Side Hustle (Dawson Family 3) - Page 87

Daisy is still on the porch when I pull up in front of the house. A white car is parked in front of me. It’s the white car we saw the other night. Fuck, that makes me even more pissed. She was driving around spying on us.

“Wes, you came.” Daisy stands, stiff from the cold, and comes over.

“Stop.” I close the Jeep door behind me and hold up a hand. “I’m not here to be won over or any of your other bullshit. I’m here so you’ll go home.”

“Can I at least come in? I’m freezing.”

“Fine. But when I say we’re done, we’re done.”

“Fair enough.” Daisy goes up the porch steps and picks up the doormat. “You got rid of the key?”

“That was an obvious place to hide the key. I took it out the day you put it there, but you weren’t around enough after that to figure it out, were you?”

“Wes, I’m…”

“Save it.” I use my body to block her line of sight when I punch in the alarm code and turn off the system.

“I’m sorry.”

I wasn’t expecting an apology this early on in our conversation. She wants something, I’m sure of it.

“Wow.” She looks around the living room. “It’s different yet the same.”

“What do you want?” I ask her. “It’s late and I’m tired and want to get this over with.”

“How’s Jackson? He’s at your parents, isn’t he?”

“Maybe.”

“Oh, please, Wes. I know you and know you’d only trust your mom with our son.”

I don’t like hearing her say our son. It’s what he is, and I’m well aware she’s his mother, but it sounds so wrong. She hasn’t raised him. Hasn’t been here to sit up with him when he’s sick. To calm his fears in the middle of the night.

“What do you want?” I ask again, taking a seat on the stairs.

“I want to give us another shot.”

“No.” I shake my head. “Daisy, I don’t love you anymore. I stopped being in love with you before you left and we both know that. You didn’t love me either. We had issues from the start and should never have gotten married to begin with.”

She folds her arms over her chest and I look at her, really look at her for the first time. We were freshmen in high school when we met. She was a cheerleader and I was a football player. She went to Greendale, another small town in this county, and Eastwood’s rival when it comes to high school sports. We dated on and off throughout high school, and I proposed before I left for my first tour overseas. We got married shortly after that, and she moved around from base to base with me until my time in the army ended.

We should have broken things off then, but we wanted to give it one last shot. Daisy’s mother was the one who put the idea in her mind that we’d magically fix things if we had a baby, and neither of us expected it to happen the first time we tried.

The moment we knew we were having a baby, things changed. For me. Daisy didn’t want a kid, and I’m sure the resentment started there. I hoped things would change when she gave birth and held our sweet, tiny son in her arms, but it didn’t.

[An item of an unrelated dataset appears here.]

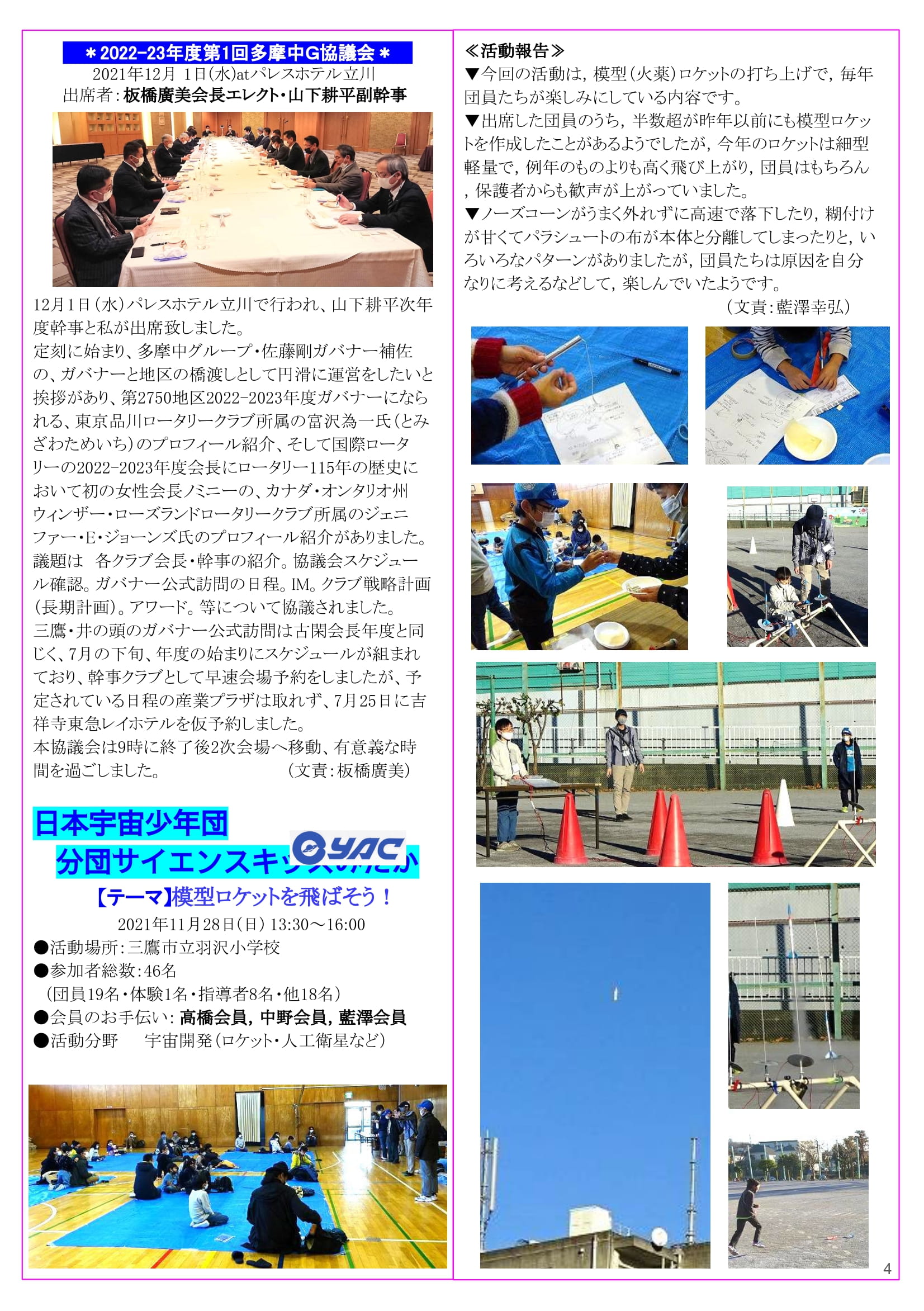 2021年12月6日発行(2022-23年度第1回多摩中G協議会&日本宇宙少年団分団サイエンスキッズみたか)三鷹市 東京井の頭ロータリークラブ

Not everyone is cut out for motherhood, she told me just a few days after Jackson was born. I chalked it up to pain and exhaustion. It was a red flag of a warning. Several weeks later, I came home from work to find Jackson screaming and crying in his crib and Daisy nowhere to be seen. Judging by how dirty his diaper was, we guessed she’d been gone at least half my shift, having left poor little Jackson alone in his crib.

The raw, painful emotions come back with a vengeance, and I remember it all too well: sitting in this living room, holding my crying baby to my chest and having no idea what the fuck I was going to do. I didn’t know anything about babies. How was I going to raise one alone?

“You left us,” I say slowly. “And now we’ve started a life. A good life. Why do you want to take that away?”

“I don’t, Weston. We were happy once. We can be again.”

“It’s not that easy.”

“It can be.” She walks through the living room, going to the photos hanging on the wall. She stops before one of Jackson, and her face pulls down with emotion. “He looks just like you.”

“Luckily.”

She turns, eyes brimming with tears. “Wes,” she pleads.

“Don’t.”

Sniffling, she wipes her eyes and looks back at the photos. “Whose baby is this? One of your brothers’?” She’s looking at a family photo we took over the summer, and Jackson is sitting front and center with Emma on his lap.